**How to complete this task**
Beneath this line are entries. Copy the range from the line with "- Canvas strandtas" to the line with "Trước trận, ít", ends included, exactly; leave pictures out.

· · ·

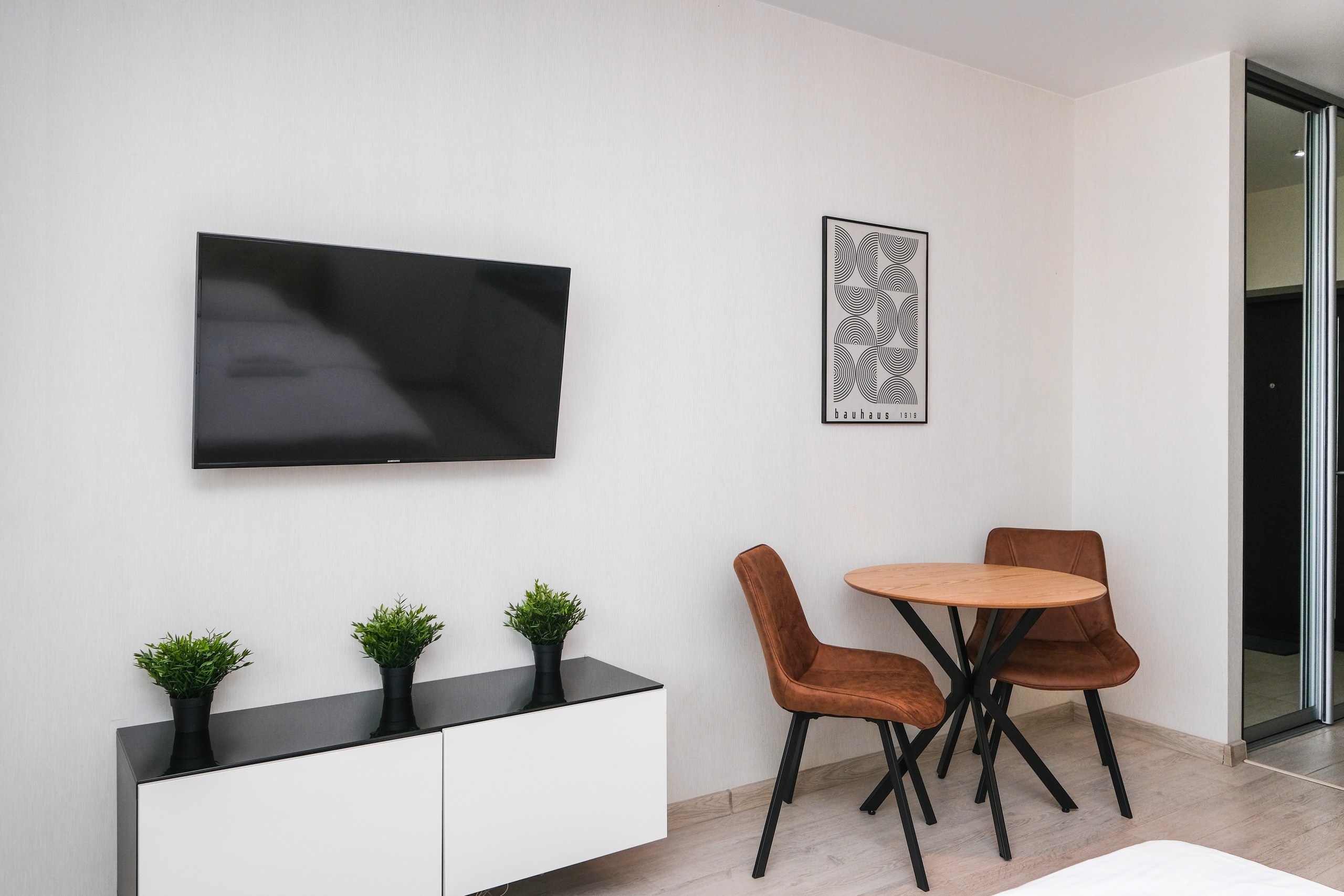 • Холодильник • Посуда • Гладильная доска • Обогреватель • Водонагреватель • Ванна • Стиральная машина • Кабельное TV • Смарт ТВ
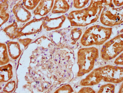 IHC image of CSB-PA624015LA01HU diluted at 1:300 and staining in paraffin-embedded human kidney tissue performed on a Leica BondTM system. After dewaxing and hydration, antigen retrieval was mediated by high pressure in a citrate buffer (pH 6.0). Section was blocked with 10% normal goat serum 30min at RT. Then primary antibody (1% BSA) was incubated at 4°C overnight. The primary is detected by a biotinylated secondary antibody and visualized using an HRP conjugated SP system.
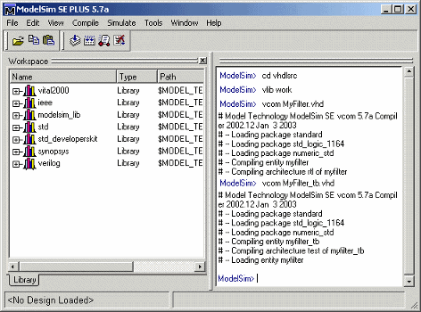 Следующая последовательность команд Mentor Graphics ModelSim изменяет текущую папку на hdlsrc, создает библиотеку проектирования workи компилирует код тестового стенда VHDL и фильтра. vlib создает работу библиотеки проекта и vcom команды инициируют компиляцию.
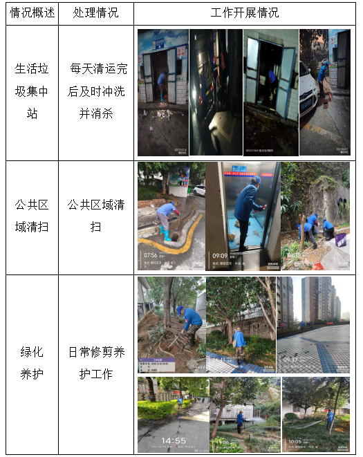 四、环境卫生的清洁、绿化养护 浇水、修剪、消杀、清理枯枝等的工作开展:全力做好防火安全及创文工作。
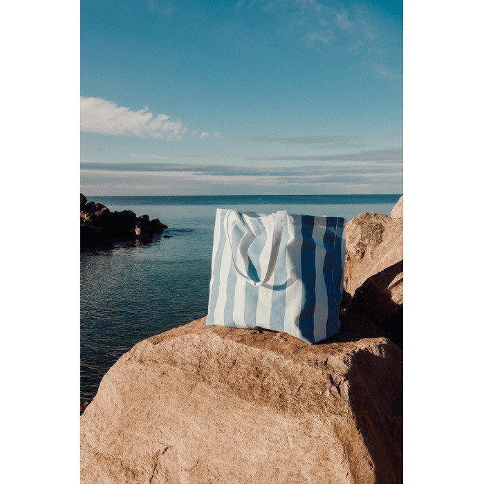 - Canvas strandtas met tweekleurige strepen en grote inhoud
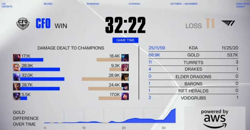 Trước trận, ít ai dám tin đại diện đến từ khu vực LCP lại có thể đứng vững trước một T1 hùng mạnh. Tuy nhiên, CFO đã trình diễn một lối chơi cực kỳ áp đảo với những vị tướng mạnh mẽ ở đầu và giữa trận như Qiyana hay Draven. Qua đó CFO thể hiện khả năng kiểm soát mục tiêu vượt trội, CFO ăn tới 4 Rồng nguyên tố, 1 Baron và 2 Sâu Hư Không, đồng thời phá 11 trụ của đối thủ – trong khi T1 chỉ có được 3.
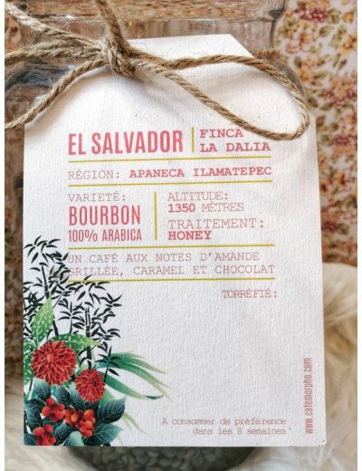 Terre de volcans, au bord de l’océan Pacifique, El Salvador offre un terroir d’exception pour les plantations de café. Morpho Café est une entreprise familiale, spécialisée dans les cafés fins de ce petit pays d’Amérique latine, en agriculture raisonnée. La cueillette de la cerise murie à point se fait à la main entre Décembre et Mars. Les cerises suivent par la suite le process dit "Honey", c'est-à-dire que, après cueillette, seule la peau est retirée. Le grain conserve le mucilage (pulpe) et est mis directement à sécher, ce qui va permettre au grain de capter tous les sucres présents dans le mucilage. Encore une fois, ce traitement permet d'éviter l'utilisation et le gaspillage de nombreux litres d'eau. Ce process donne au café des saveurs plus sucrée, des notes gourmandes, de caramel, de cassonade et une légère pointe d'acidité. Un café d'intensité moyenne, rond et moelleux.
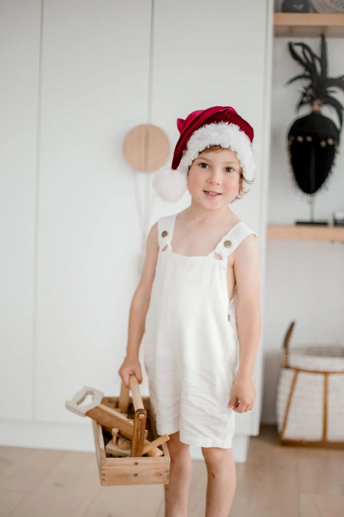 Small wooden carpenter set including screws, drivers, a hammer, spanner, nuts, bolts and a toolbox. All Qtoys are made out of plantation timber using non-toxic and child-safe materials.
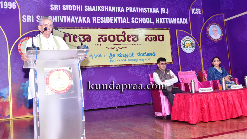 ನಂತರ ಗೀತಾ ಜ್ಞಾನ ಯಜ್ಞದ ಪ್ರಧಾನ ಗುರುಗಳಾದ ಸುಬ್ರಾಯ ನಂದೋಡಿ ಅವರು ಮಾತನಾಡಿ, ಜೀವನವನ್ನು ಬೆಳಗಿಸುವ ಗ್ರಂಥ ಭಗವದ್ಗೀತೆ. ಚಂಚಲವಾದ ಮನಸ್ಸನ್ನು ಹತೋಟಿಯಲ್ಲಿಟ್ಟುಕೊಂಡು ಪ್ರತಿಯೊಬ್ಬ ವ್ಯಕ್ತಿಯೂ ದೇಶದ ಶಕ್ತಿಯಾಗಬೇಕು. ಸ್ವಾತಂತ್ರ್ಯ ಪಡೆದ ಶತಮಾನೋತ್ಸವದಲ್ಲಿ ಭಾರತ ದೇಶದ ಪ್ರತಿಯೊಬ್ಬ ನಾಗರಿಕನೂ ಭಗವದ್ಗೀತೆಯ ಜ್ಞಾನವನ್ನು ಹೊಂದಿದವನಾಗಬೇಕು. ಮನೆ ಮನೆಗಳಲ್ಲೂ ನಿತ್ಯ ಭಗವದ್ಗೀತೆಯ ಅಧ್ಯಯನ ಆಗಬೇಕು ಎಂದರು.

· · ·

**Expected answer**
 - Canvas strandtas met tweekleurige strepen en grote inhoud
 Trước trận, ít ai dám tin đại diện đến từ khu vực LCP lại có thể đứng vững trước một T1 hùng mạnh. Tuy nhiên, CFO đã trình diễn một lối chơi cực kỳ áp đảo với những vị tướng mạnh mẽ ở đầu và giữa trận như Qiyana hay Draven. Qua đó CFO thể hiện khả năng kiểm soát mục tiêu vượt trội, CFO ăn tới 4 Rồng nguyên tố, 1 Baron và 2 Sâu Hư Không, đồng thời phá 11 trụ của đối thủ – trong khi T1 chỉ có được 3.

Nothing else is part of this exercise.